In operation, the optoelectronic matching circuit 11 and related
components comprise a broad bandwidth microwave impedance matching
system that provides input impedance matching for the laser diode
circuit. Lasers are very broad bandwidth, typically from DC to
about 10 GHz, and thus very broad bandwidth impedance matching is
desirable. Impedance matching is achieved by using a feedback
technique to correct the input match via light control of the
optoelectronic RF matching circuit 11 which changes impedance in
response to the light control signal. The light control signal is
obtained by coupling a light sample from the laser diode circuit
light output to the RF photodiode detector that provides the
variable output reference signal which comprises an electrical
sample of the RF signal modulated onto the laser light output. This
variable output reference signal is normalized relative to the
variable input reference signal which comprises an electrical
sample of the RF input signal to the laser diode circuit and is
provided by the RF coupler and RF detector. The normalized output
reference signal is compared with the electrical reference signal
REF used to establish the predicted maximum power output level for
the general class of laser diodes as utilized in the laser diode
circuit. The control signal provided by the comparator circuit (a
general type circuit known in the art) controls the optical circuit
which can be an external modulator or any type of optoelectric
circuit that can control an input light level amplitude via an
electrical input. The optical control circuit receives its light
input from the second light coupler, and the variable light signal
out of the optical control circuit interacts with the impedance
matching circuit to obtain a broad bandwidth match.
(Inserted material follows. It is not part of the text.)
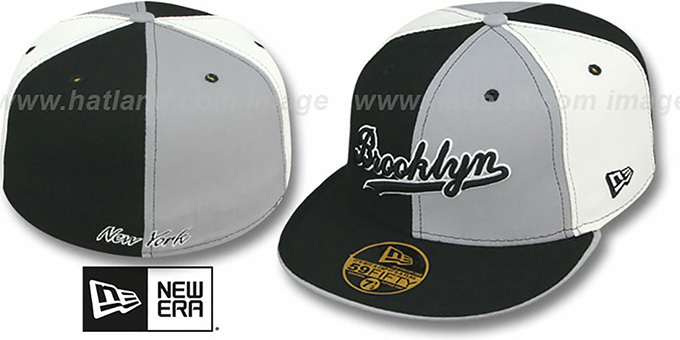 Authentic and Vintage, Old School New Era ORIGINAL 59FIFTY fitted hat, grey black and white alternating 100% wool panels and black visor, grey flip under visor. Raised embroidered team-script city name on front, Smaller city script on back. Small New Era stitched on left side. This baseball cap is made by New Era.

Referring now to FIG. 2, schematically depicted therein is an
impedance matching system in accordance with the invention for
matching the input of a laser diode circuit 53 which provides an
optical output signal that is coupled to a fiber optic cable 55.
For example, the laser diode circuit 53 comprises a transmitter for
a fiber optic link. The impedance matching system includes an
optoelectronic RF matching circuit 51 that receives an RF input
signal on an RF input line 52 from an RF source (not shown) and
transfers the RF input signal to the laser diode circuit 53. The RF
matching circuit 51 and the laser diode circuit 53 are implemented
on the same substrate so as to minimize the distance between the
matching circuit and the laser diode circuit for which matching is
being provided.
An optical coupler 57 on the fiber optic cable 55 provides a sample
of the optical output of the laser diode circuit 53 to an RF
photodiode detector 59 which provides a variable output reference
signal indicative of RF power of the optical output of the laser
diode circuit 53. The output of the RF photodiode detector 59 is
provided to a comparator circuit 61 which also receives an
electrical reference signal REF as an input. An RF coupler 63 on
the RF input line 52 to the matching circuit 51 provides a sample
of the RF input signal to an RF detector 65 which provides a
variable input reference signal indicative of the RF power of the
RF electrical signal input to the laser diode circuit 53. The
variable input reference signal is provided as another input to the
comparator circuit 21.
In accordance with known techniques, the comparator circuit
normalizes the output reference signal relative to the input
reference signal, and compares such normalized output reference
signal to the reference signal REF which is of the desired
normalized power output, such as the maximum normalized power
output. Pursuant to such comparison, the comparator circuit
produces a control signal that is provided to a laser diode circuit
67 which is biased by a DC bias voltage. The laser diode circuit 67
produces a control light output which varies in response to the
control signal output of the comparator circuit 61. The control
light output of the laser diode circuit 67 is provided via a fiber
optic cable 69 to the optoelectronic matching circuit 51 which
changes its impedance in response to the control light provided
thereto.
The impedance matching system of FIG. 2 operates similarly to the
impedance matching system of FIG. 1, except that the control light
for the optoelectronic matching circuit is provided by a laser
diode circuit light output rather than by a modulated sample of the
output of the laser diode circuit whose input is being matched.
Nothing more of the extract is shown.